主なポイント:
- イーサリアムは、0.8 MVRVプライシングバンドとTDシーケンシャルトレンドラインが収束する1,796~1,816ドルの抵抗帯を試している
- BitMineは現在574万ETH(約102億7,000万ドル相当)を保有し、取引所の供給を吸収しながら5%保有目標に迫る
- 1,796ドルを終値で上回れば、イーサリアムの実現価格である2,245ドルへの道が開かれる可能性がある
主なポイント:

イーサリアムは1,800ドル付近の重要な抵抗クラスターを試している。0.8 MVRVプライシングバンドとTDシーケンシャルトレンドラインが収束する一方、取引所の供給増加と買われすぎのストキャスティクスが反落の可能性を警告している。
イーサリアムは14:30 UTC時点で1.2%上昇の1,796ドルとなり、1カ月以上にわたり上値を抑えてきた抵抗帯に迫っている。アナリストのアリ・マルティネス氏によると、1,796~1,816ドルのレンジは、0.8 MVRVプライシングバンドとTDシーケンシャル抵抗トレンドラインが収束するゾーンである。
「終値で1,796ドルを上回り、その後サポートとして維持できれば強気シナリオが強まり、イーサリアムの実現価格である2,245ドルへの上昇の可能性が開かれる」とマルティネス氏は述べた。
TDシーケンシャルのリスクラインは約1,816ドルに位置し、その上の次の壁としてチャネル天井の1,844ドルがある。イーサリアムが2,000ドルを超えて終値を付けたのは1カ月以上前が最後であり、2,245ドルの実現価格に最後にタッチしたのは5月中旬である。RSIは58でさらなる上値余地を示しているが、90付近のストキャスティクスオシレーターは直近の反発後の短期的な勢いの枯渇を警告している。MACDはマイナス15.01で、シグナルライン(マイナス45.38)を上抜けており、短期的なモメンタムを強化する強気クロスオーバーとなっている。
その行方は狭いバンドに依存している。1,750ドルを維持すれば回復構造は保たれるが、これを失えば強気のTDシーケンシャルセットアップは無効となる。アナリストのテッド・ピローズ氏は、1,820~1,850ドルで跳ね返されれば1,750ドルのフロアが引き続き重要なラインとなり、その抵抗帯を上抜ければ2,000ドルを目指すと述べた。

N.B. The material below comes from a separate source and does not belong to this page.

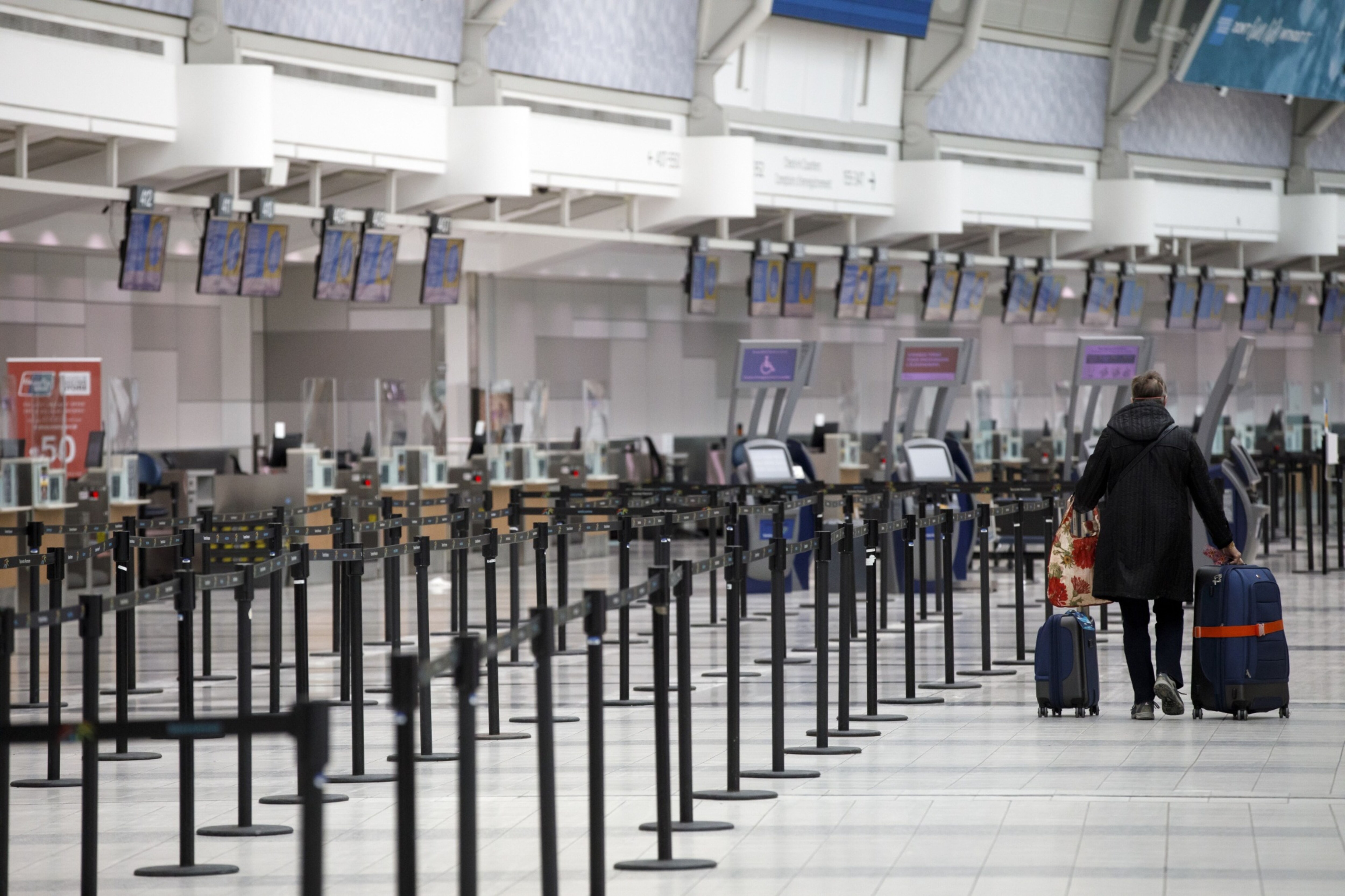 A traveler passes in front of empty check in counters at   International Airport in Canada. (Photographer: Cole Burston/Bloomberg)

テクニカル指標がまちまちのシグナルを発する一方、機関投資家の需要が下支えとなっている。BitMine Immersion Technologiesは過去1週間で42,197 ETHを購入し、保有総額は574万トークン(約102億7,000万ドル相当)に達したと、Arkham Intelligenceが明らかにした。同社は現在イーサリアムの流通供給量の約4.75%を管理しており、目標とする5%達成にはさらに約5億2,370万ドルの追加購入が必要となる。これは同社の5億2,700万ドルの現金ポジションで賄える金額である。
BitMineは487万ETHをステーキングしており、世界最大の単一ステーキング事業体となり、年間約2億3,500万ドルのステーキング収入を生み出していると同社は開示している。会長のトーマス・リー氏は、ステーキング収入が同社の配当コミットメントをカバーしており、ビットコイン配当のために先週3,588 BTCを売却したStrategyとは一線を画すと述べた。
ミカエル・ヴァン・デ・ポッペ氏は、景気循環指標として用いる銅/金比率のブレイクアウトを指摘した。この比率は最近長期にわたる下降トレンドを打破しており、2017年と2021年のサイクルでは同様のパターンがリスク資産の勢い強化に先行していた。ヴァン・デ・ポッペ氏は、この変化が市場の信頼感醸成を伴いながらも遅行して、イーサリアムにとっての環境改善を示唆する可能性があると述べた。
当面の方向性は、買い手が1,796ドルを終値で上回り、その後のリテストで維持できるかどうかにかかっている。それを下回れば、1,741ドルと20日EMA(1,714ドル)が次のサポート層を形成する。1,714ドルを下抜ければ、テッド・ピローズ氏が重要なテクニカル水準として特定した2026年2月の安値である1,524ドルが露呈する。
本記事は情報提供のみを目的としており、投資助言を構成するものではない。